Data block section start

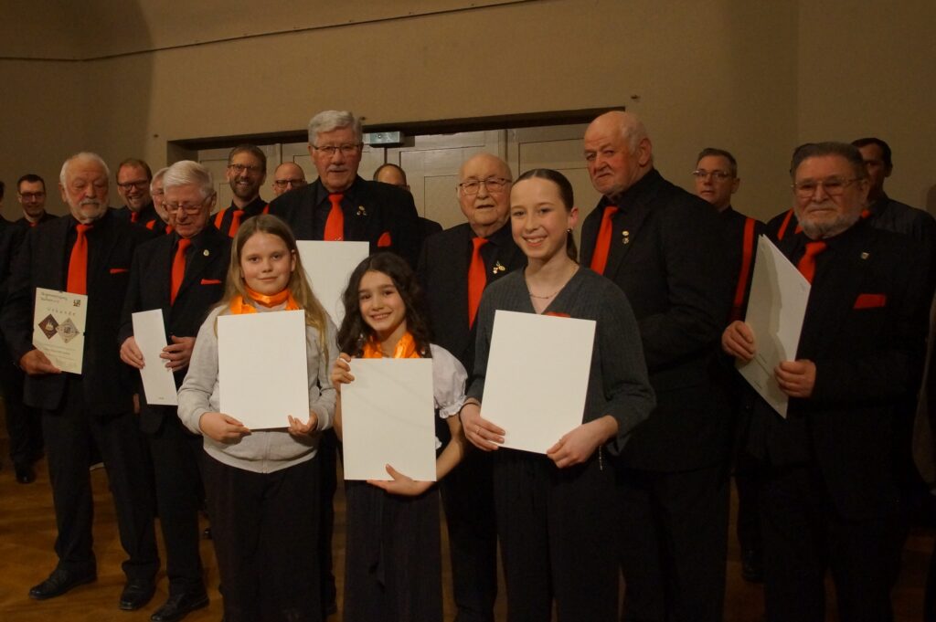 Für fünf Jahre Chorsingen erhielten die Jungkehlchen Emilia Charlet, Marieke Schröder und Valentina Weber eine Urkunde. In diesem Zusammenhang wurde auch die Arbeit der Nachwuchschöre DieKehlchen hervorgehoben, die kontinuierlich junge Menschen an das Singen im Chor heranführen. Heinz-Willi Dechent wurde für 25 Jahre Chorsingen mit der Ehrennadel in Bronze ausgezeichnet. Die goldene Ehrennadel für 50 Jahre Sängerleidenschaft erhielt Gerd Schlüter, der sich auch zeitweise ehrenamtlich im Vorstand des Chorvereins engagierte.
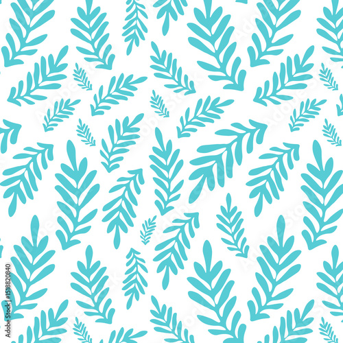 © Csa, Fototapeta premium Seamless turquoise light Green Leaf Pattern with White Background
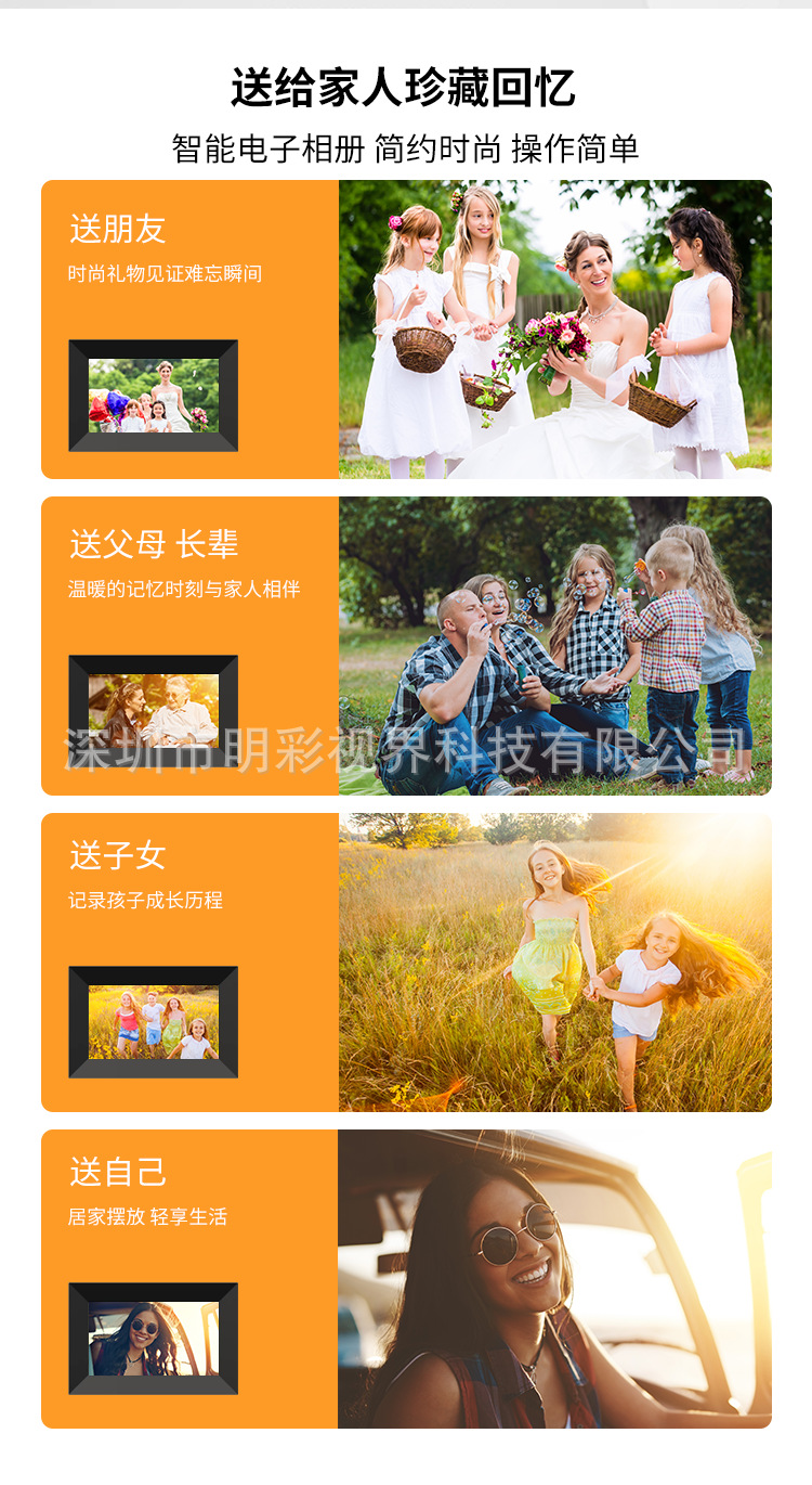 국경 8 인치 디지털 사진 프레임 와이파이 구름 사진 프레임 IPS 터치 카운터 수평 및 수직 전자 사진 앨범 플레이어스토어 가기

Data block section end

(Exercise goal): Would it be possible to copy the material exactly, excluding the images?

(Exercise result):
 Für fünf Jahre Chorsingen erhielten die Jungkehlchen Emilia Charlet, Marieke Schröder und Valentina Weber eine Urkunde. In diesem Zusammenhang wurde auch die Arbeit der Nachwuchschöre DieKehlchen hervorgehoben, die kontinuierlich junge Menschen an das Singen im Chor heranführen. Heinz-Willi Dechent wurde für 25 Jahre Chorsingen mit der Ehrennadel in Bronze ausgezeichnet. Die goldene Ehrennadel für 50 Jahre Sängerleidenschaft erhielt Gerd Schlüter, der sich auch zeitweise ehrenamtlich im Vorstand des Chorvereins engagierte.
 © Csa, Fototapeta premium Seamless turquoise light Green Leaf Pattern with White Background
 국경 8 인치 디지털 사진 프레임 와이파이 구름 사진 프레임 IPS 터치 카운터 수평 및 수직 전자 사진 앨범 플레이어스토어 가기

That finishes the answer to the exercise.